Images are a versatile medium and encompass a very wide range of formats and 
representations. This SPIP explicitly aims at the most common use case in the 
industry currently: multi-channel matrices of binary, int32, int64, float or 
double data that can fit comfortably in the heap of the JVM:
 * the total size of an image should be restricted to less than 2GB (roughly)
 * the meaning of color channels is application-specific and is not mandated by 
the standard (in line with the OpenCV standard)
 * specialized formats used in meteorology, the medical field, etc. are not 
supported
 * this format is specialized to images and does not attempt to solve the more 
general problem of representing n-dimensional tensors in Spark

h2. Proposed API changes

We propose to add a new package in the package structure, under the MLlib 
project:
 {{org.apache.spark.image}}
h3. Data format

We propose to add the following structure:

imageSchema = StructType([
 * StructField("mode", StringType(), False),
 ** The exact representation of the data.
 ** The values are described in the following OpenCV convention. Basically, the 
type has both "depth" and "number of channels" info: in particular, type 
"CV_8UC3" means "3 channel unsigned bytes". BGRA format would be CV_8UC4 (value 
32 in the table) with the channel order specified by convention.
 ** The exact channel ordering and meaning of each channel is dictated by 
convention. By default, the order is RGB (3 channels) and BGRA (4 channels).
If the image failed to load, the value is the empty string "".

 * StructField("origin", StringType(), True),
 ** Some information about the origin of the image. The content of this is 
application-specific.
 ** When the image is loaded from files, users should expect to find the file 
name in this field.

 * StructField("height", IntegerType(), False),
 ** the height of the image, pixels
 ** If the image fails to load, the value is -1.

 * StructField("width", IntegerType(), False),
 ** the width of the image, pixels
 ** If the image fails to load, the value is -1.

 * StructField("nChannels", IntegerType(), False),
 ** The number of channels in this image: it is typically a value of 1 (B&W), 3 
(RGB), or 4 (BGRA)
 ** If the image fails to load, the value is -1.

 * StructField("data", BinaryType(), False)
 ** packed array content. Due to implementation limitation, it cannot currently 
store more than 2 billions of pixels.
 ** The data is stored in a pixel-by-pixel BGR row-wise order. This follows the 
OpenCV convention.
 ** If the image fails to load, this array is empty.

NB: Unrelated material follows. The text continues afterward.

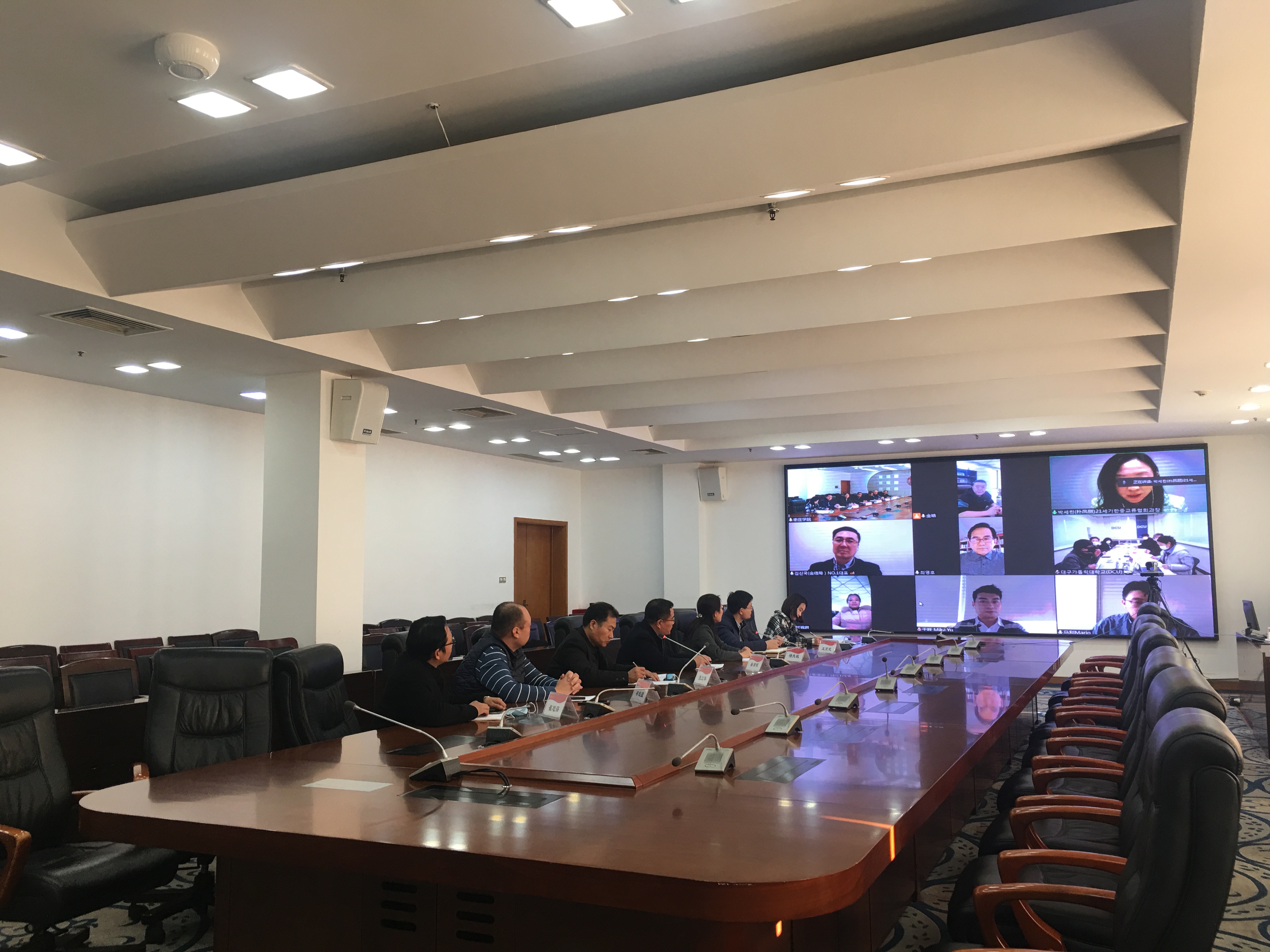 1月12日下午,国际教育学院与韩国大邱加图立大学在综合楼三楼会议室召开视频会议,就两校间的交流合作进行座谈沟通。韩国21世纪韩中交流协会、中国教育国际交流协会、北京留学服务行业协会、我校国际交流处、食品科学与制药工程学院、国际教育学院等单位和部门负责人及相关教师参加了此次视频会议。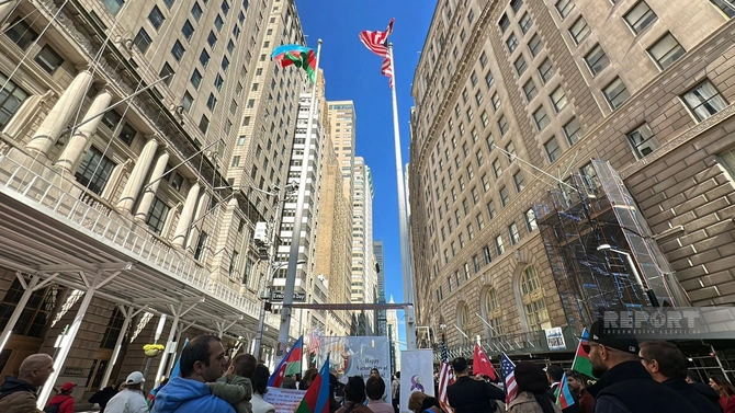 BAKU.WS report-a istinadən xəbər verir ki, üçrəngli bayrağımız Nyu-York şəhərinin simvolu və maliyyə mərkəzi hesab olunan, turistlərin ən çox ziyarət etdiyi küçələrdən birində "Wall Street"də yerləşən "Bowling Green" parkında nəhəng bayraq dirəyindən asılıb.

For more information about image types, here is an OpenCV guide on types: 
[http://docs.opencv.org/2.4/modules/core/doc/intro.html#fixed-pixel-types-limited-use-of-templates]

The reference implementation provides some functions to convert popular formats 
(JPEG, PNG, etc.) to the image specification above, and some functions to 
verify if an image is valid.
h2. Image ingest API

We propose the following function to load images from a remote distributed 
source as a DataFrame. Here is the signature in Scala. The python interface is 
similar. For compatibility with java, this function should be made available 
through a builder pattern or through the DataSource API. The exact mechanics 
can be discussed during implementation; the goal of the proposal below is to 
propose a specification of the behavior.
{code:java}
def readImages(
    path: String,
    session: SparkSession = null,
    recursive: Boolean = false,
    numPartitions: Int = 0,
    dropImageFailures: Boolean = false,
    // Experimental options
    sampleRatio: Double = 1.0): DataFrame
{code}
The type of the returned DataFrame should be the structure type above, with the 
expectation that all the file names be filled.

Mandatory parameters:
 * *path*: a directory for a file system that contains images
Optional parameters:
 * *session* (SparkSession, default null): the Spark Session to use to create 
the dataframe. If not provided, it will use the current default Spark session 
via SparkSession.getOrCreate().
 * *recursive* (bool, default false): take the top-level images or look into 
directory recursively
 * *numPartitions* (int, default null): the number of partitions of the final 
dataframe. By default uses the default number of partitions from Spark.
 * *dropImageFailures* (bool, default false): drops the files that failed to 
load. If false (do not drop), some invalid images are kept.

Parameters that are experimental/may be quickly deprecated. These would be 
useful to have but are not critical for a first cut:
 * *sampleRatio* (float, in (0,1), default 1): if less than 1, returns a 
fraction of the data. There is no statistical guarantee about how the sampling 
is performed. This proved to be very helpful for fast prototyping. Marked as 
experimental since it should be pushed to the Spark core.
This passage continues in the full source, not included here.